I have a console application (NGameHost) running in a specific directory (C:\Program Files\NetworkGame3\api\). It uses the files available in that directory and the console application works well when run on its own. It also exposes various methods that use the DLLs (and other files such as config files) from that directory. I now have another console application (located elsewhere) that tried to call those methods and return the results. I've set Copy Local: False so that it executes within that directory instead of creating a local version. However I get the error "Could not load file or assembly ... or one of its dependencies. The system cannot find the file specified."

How can I call the methods from a console application located in another directory?

3条回答
【Aperson】
2楼-- · 2019-07-23 18:44

I've recently been bashing my head against a brick wall trying to resolve a very similar problem.
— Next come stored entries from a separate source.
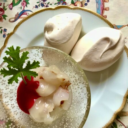 Menus du Samedi 23 décembre 2023 Un coulis surgelé qui ne vaut pas un coulis maison mais pratique…Une feuille de géranium rosat Déjeuner, un autre petit goût de fête Langoustines décongelées, cuisson au cours bouillon, un achat de l’été quand c’était la pleine saison Mayonnaise Pommes de terre et carottes à la vapeur Litchies frais épluchés, coulis de framboises et meringues maison à la crème. Voir aussi ici
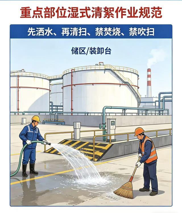 1. 全面清絮,杜绝可燃物堆积。要执行湿式清理,先洒水降絮,再清扫收集,严禁焚烧、吹扫飞絮。对储罐区、装卸台、加油岛、配电室、泵房、管沟、围墙边角、绿化带等重点部位每日巡查清理,及时清运絮状物,密闭存放,远离热源与危化品。
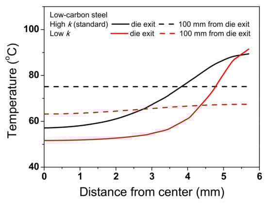 Comparison of temperature profiles along the radial direction of low-carbon steel at die exit and 100 mm from die exit with different thermal conductivities.
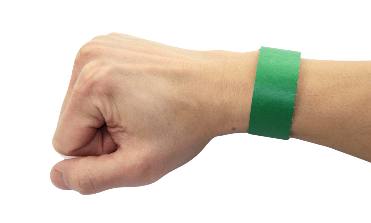 Tyvek wristbands, also known as "paper wristbands", are the most economical choice! 19mm Tyvek wristbands are great for quick and easy identification. These personalised paper wristbands are tear-resistant and have a strong adhesive closure that prevents the band from being transferred to another person. Tyvek wristbands are ideal for short stays (about 1-2 days in duration). Choose from 25 vibrant, highly visible colours below and start designing your wristband. All imprints are printed in BLACK only.
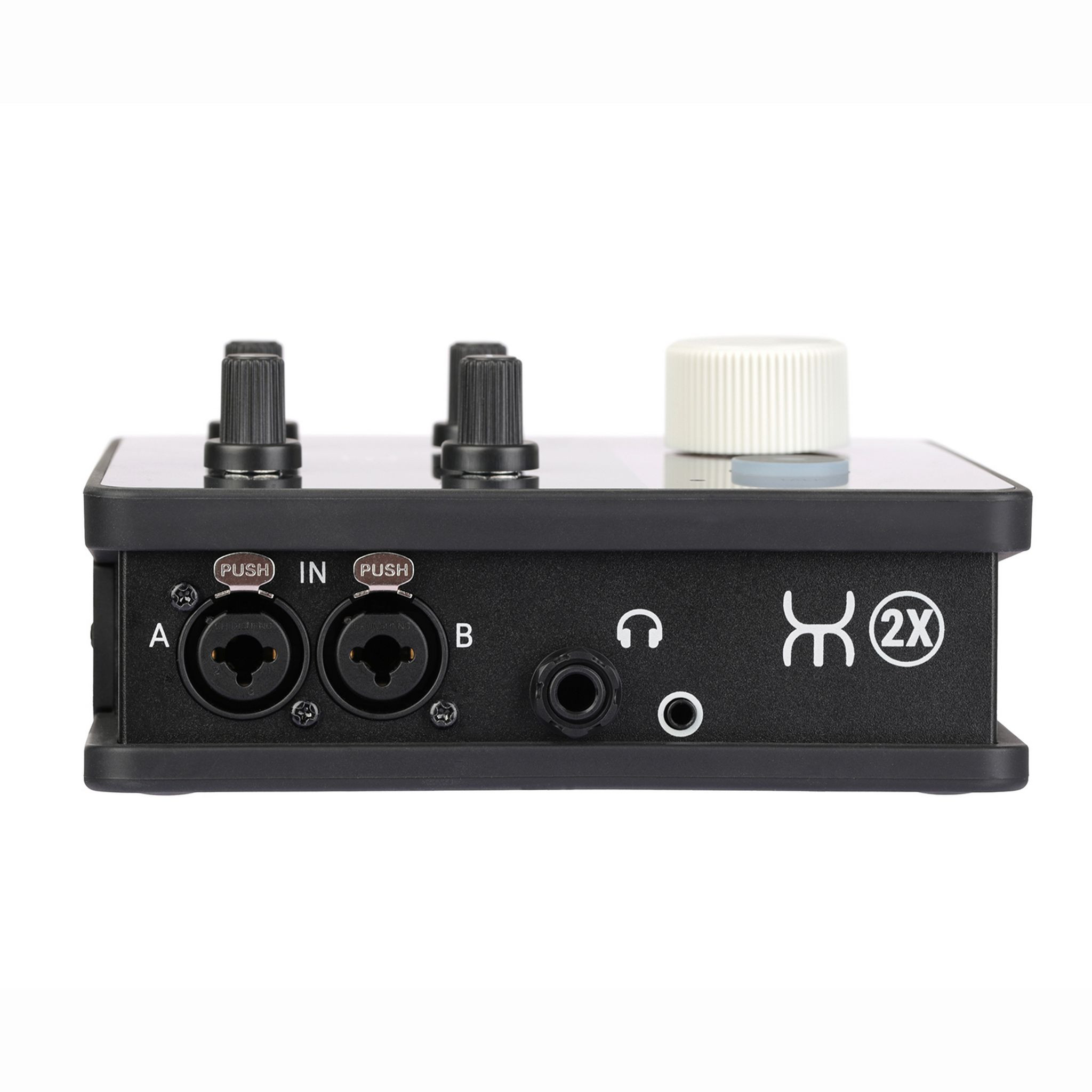 Ofrece preamplificadores de micrófono con ganancia real y ajuste preciso en pasos de 1 dB, alimentación phantom de 48 V, fase y filtro pasa-altos en todas las entradas, así como recuperación automática de los ajustes. La pantalla LCD y la conexión USB-C también facilitan el uso diario.

I've a DLL I want to load at runtime, and it has it's own dependencies. I couldn't for the life of me figure out why it would load, but when calling a class's constructor in the loaded assembly, that no error was raised, and execution simply stalls, leaving you wondering what's going on.

Turns out that a dependency of the loaded assembly was in a different .NET version, and there is an App.Config on that code to enable mixed mode assemblies. So I naturally had to bring that into my code too, as I'm calling an assembly that calls an assembly in a different version of .NET.

The error didn't present itself until I copied all the dependent's DLL's to my application in development. Now I can remove them again! In doing so, I get a DLL Loader Lock warning message. If I suppress it or ignore it, my code works.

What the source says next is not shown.